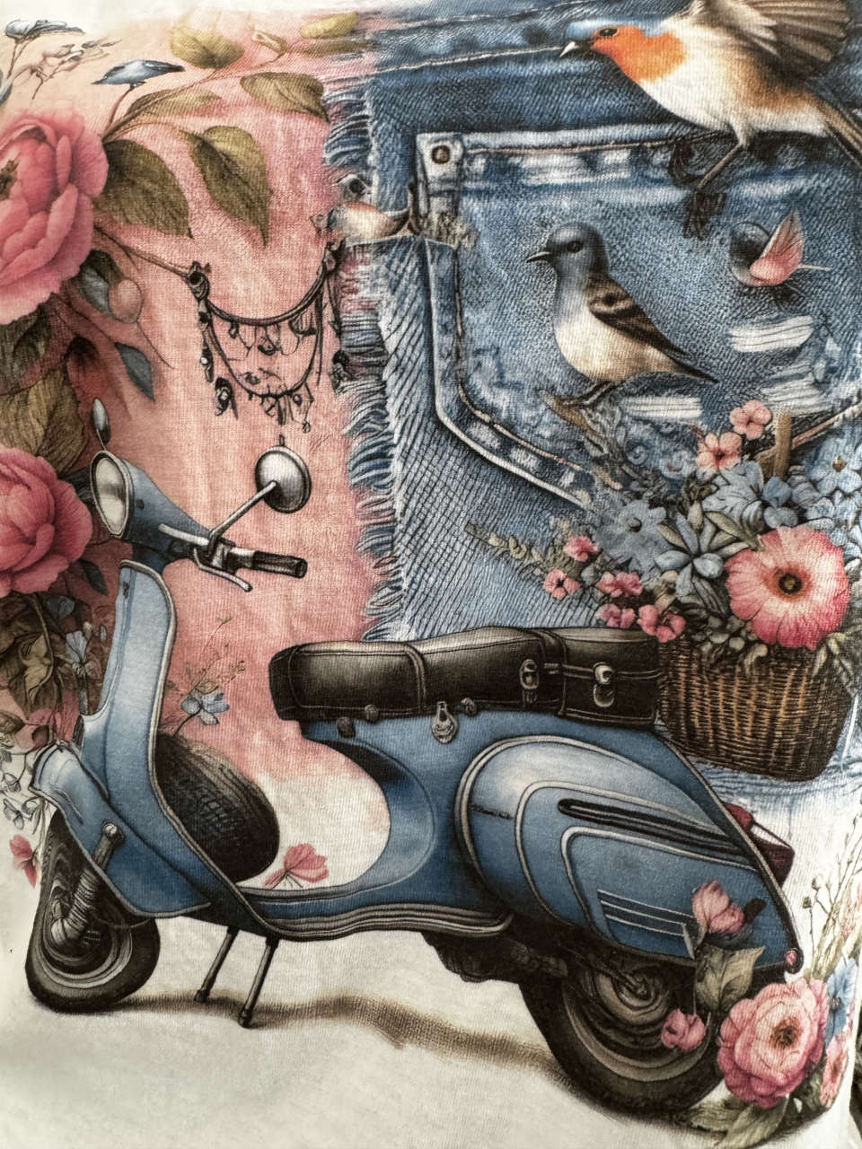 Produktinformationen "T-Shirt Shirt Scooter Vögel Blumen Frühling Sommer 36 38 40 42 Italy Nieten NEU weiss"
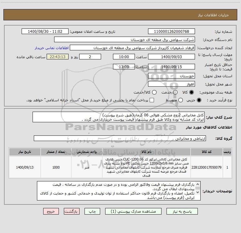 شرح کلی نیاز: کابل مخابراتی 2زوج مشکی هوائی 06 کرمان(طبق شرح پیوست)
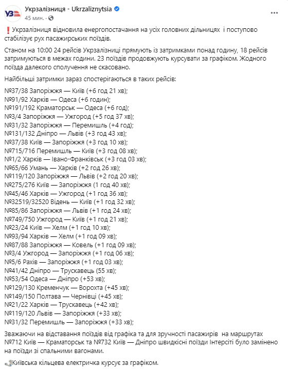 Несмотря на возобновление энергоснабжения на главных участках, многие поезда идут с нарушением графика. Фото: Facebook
---
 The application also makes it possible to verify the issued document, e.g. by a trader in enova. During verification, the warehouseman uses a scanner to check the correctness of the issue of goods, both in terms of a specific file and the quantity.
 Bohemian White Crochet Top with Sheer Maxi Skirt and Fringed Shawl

* **WORK INSTRUCTION**: Starting with the line that has "Shirt Scooter Vögel" and ending with the line that has "Несмотря на возобновление", repeat the lines above exactly, omitting every picture.

* **ANSWER TO THIS EXERCISE**:
 Produktinformationen "T-Shirt Shirt Scooter Vögel Blumen Frühling Sommer 36 38 40 42 Italy Nieten NEU weiss"
 شرح کلی نیاز: کابل مخابراتی 2زوج مشکی هوائی 06 کرمان(طبق شرح پیوست)
 Несмотря на возобновление энергоснабжения на главных участках, многие поезда идут с нарушением графика. Фото: Facebook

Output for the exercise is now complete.